Связавшись веревкой, они перебрались за перегиб уступа и по льду двинулись вниз. Спуск с горы бывает много опасней подъема, и Думаи не поддавалась напору чувств, приказывавших ей поспешить. «Не дразни гору», – говорила ей мать, а они это и сделали, поднявшись туда, куда залетали лишь боги.
«Фуртия, умоляю, услышь меня. – Думаи вбивала в лед шипы. – Мы здесь скоро задохнемся».
Канифа оступился и сорвался, потянув за собой Думаи. Помогая друг другу, они нащупали новую опору для ног и стали пробираться вдоль каменистого гребня. Скоро крутизна заставила их сесть, не то ветер сбил бы обоих с Бразата.

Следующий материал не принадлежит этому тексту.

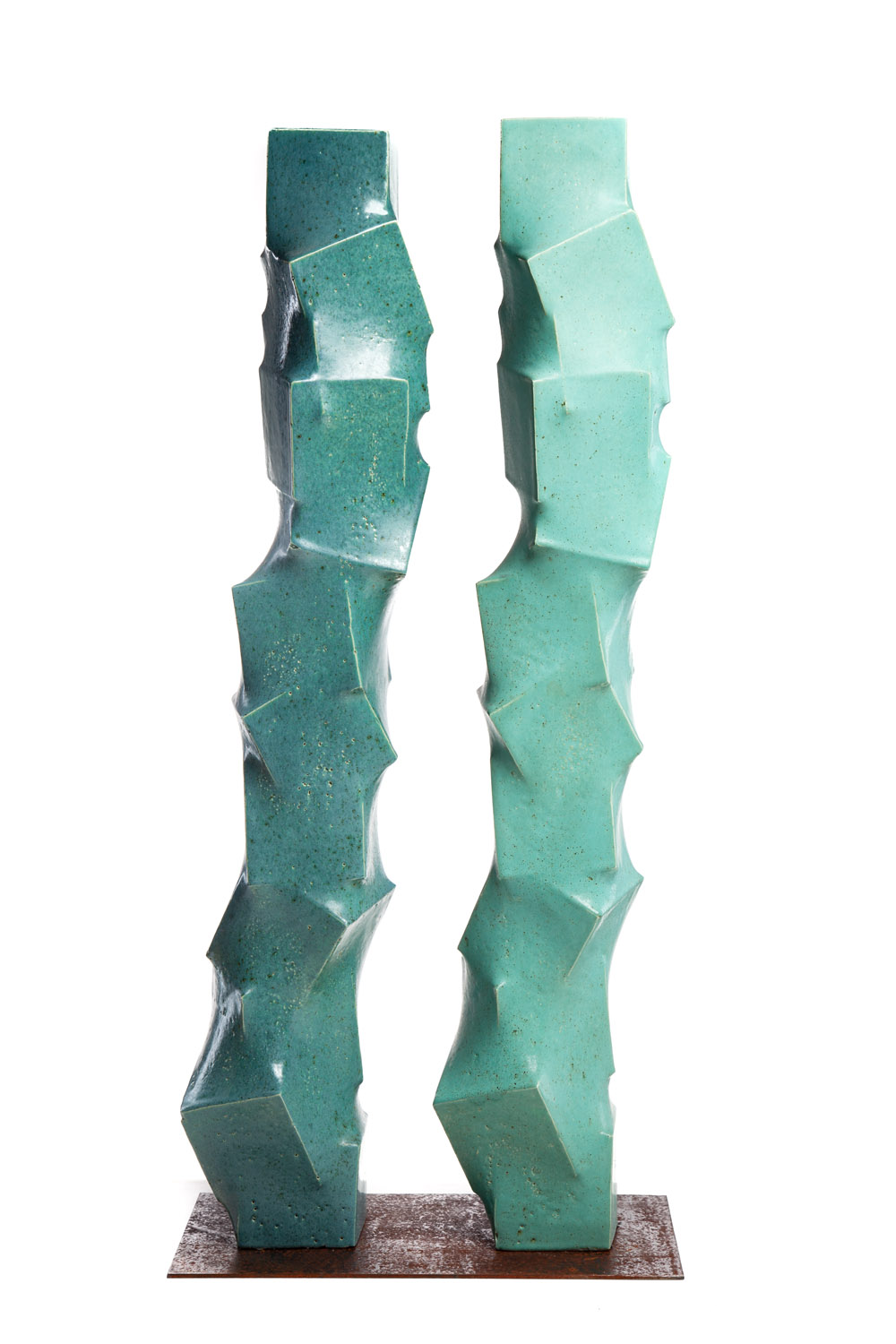 glina jasna szamotowa, szkliwo barwne, podstawa stalowa, 88,50 x 39,50 x 22 cm; niesygnowane; pracownia autorska, 2016 r.

Думаи старалась не заглядывать вперед дальше ближайшего крошечного движения. Она уже не чувствовала ступней в сапогах.
Они обогнули огромный выветренный бугор. Под ним тучи сгустились, сверкнула молния – все на миг засветилось, а потом глухо зарокотал гром.
– Думаи, это змей?
Ветер рванул, не дав ей ответить, отшвырнул к утесу так, что она ударилась головой. Ледяные капли резали лицо, как острые черепки, и Канифа обхватил ее, прикрывая собой.
Они продолжали спуск. На склон, покрытый мягким снегом, выбрались в такой темноте, что собственных ног не разглядишь. Канифу вырвало. У Думаи вырывались изо рта частые белые облачка.
«Кто-нибудь меня слышит?»
Молчание в ее мыслях ревело громче бури.
– Канифа, – проговорила она слабее, чем хотелось. – У меня железо на языке. Кровь из носа идет?
– Немножко. – Он попытался утереть ее своей толстой перчаткой. – У нас не бывает г-горной болезни. Это же мы!